Image: Wegener's granulomatosis (flickr.com).

See also

References

  1. TN05 RH3.
  2. 2.0 2.1 Kumar, Vinay; Abbas, Abul K.; Fausto, Nelson; Aster, Jon (2009). Robbins and Cotran pathologic basis of disease (8th ed.). Elsevier Saunders. pp. 512. ISBN 978-1416031215.
  3. URL: http://dictionary.weather.net/dictionary/amorphous. Accessed on: 26 November 2010.
  4. 4.0 4.1 Cotran, Ramzi S.; Kumar, Vinay; Fausto, Nelson; Nelso Fausto; Robbins, Stanley L.; Abbas, Abul K. (2005). Robbins and Cotran pathologic basis of disease (7th ed.). St. Louis, Mo: Elsevier Saunders. pp. 538. ISBN 0-7216-0187-1.
  5. Klatt, Edward C. (2006).

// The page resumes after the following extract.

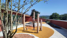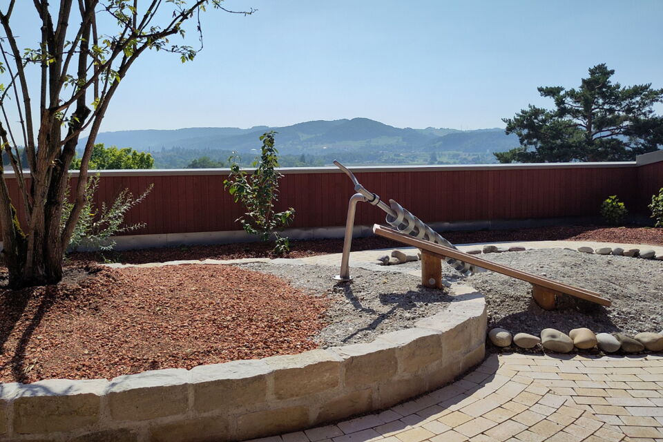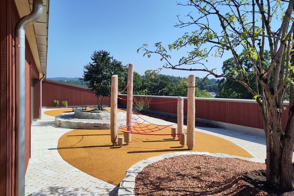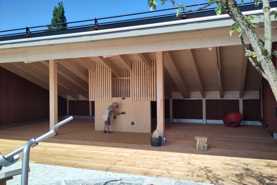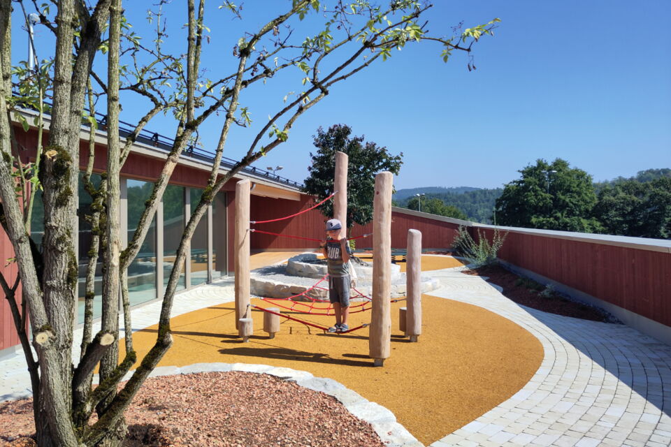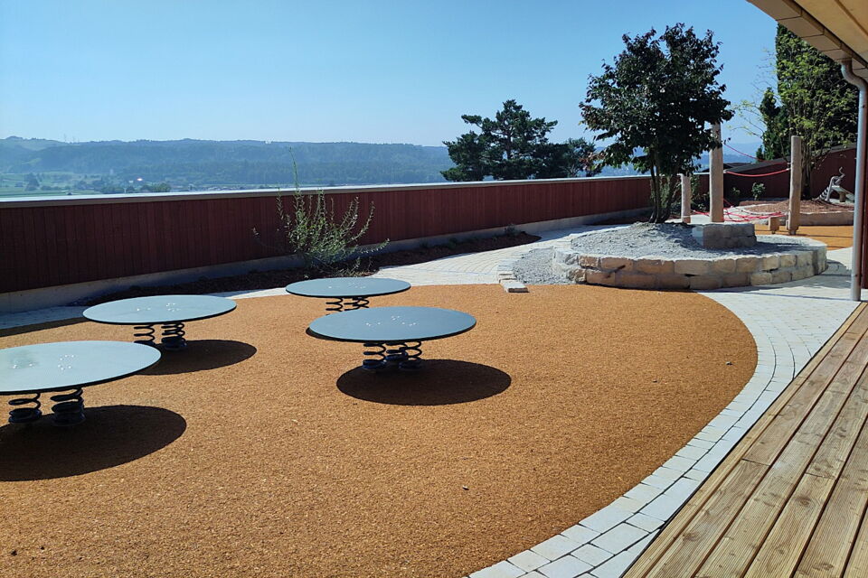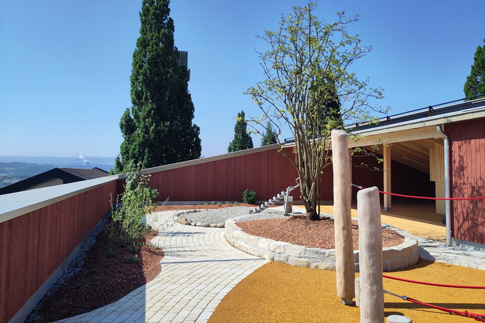 für die einwohnergemeinde döttingen durften wir zusammen mit batimo-architekten einen spielplatz im 3. obergeschoss realisieren. die fläche im erdgeschoss war zu klein für sechs kindergartenklassen, daher konnte auf dem dach des holzbaus ein einzigartiger spielplatz erstellt werden. geschwungene rundwege fassen spielflächen und werden mehrheitlich mit grünflächen von der 1.2m-hohen brüstung getrennt. eine kletterwand und eine spielwand sind unter schützendem dach und bieten auch nischen um sich zurück zu ziehen.

Robbins and Cotran Atlas of Pathology (1st ed.). Saunders. pp. 14. ISBN 978-1416002741.
  6. TN05 RH6.
  7. Cotran, Ramzi S.; Kumar, Vinay; Fausto, Nelson; Nelso Fausto; Robbins, Stanley L.; Abbas, Abul K. (2005). Robbins and Cotran pathologic basis of disease (7th ed.). St. Louis, Mo: Elsevier Saunders. pp. 745. ISBN 0-7216-0187-1.
  8. Cotran, Ramzi S.; Kumar, Vinay; Fausto, Nelson; Nelso Fausto; Robbins, Stanley L.; Abbas, Abul K. (2005). Robbins and Cotran pathologic basis of disease (7th ed.). St. Louis, Mo: Elsevier Saunders. pp. 747. ISBN 0-7216-0187-1.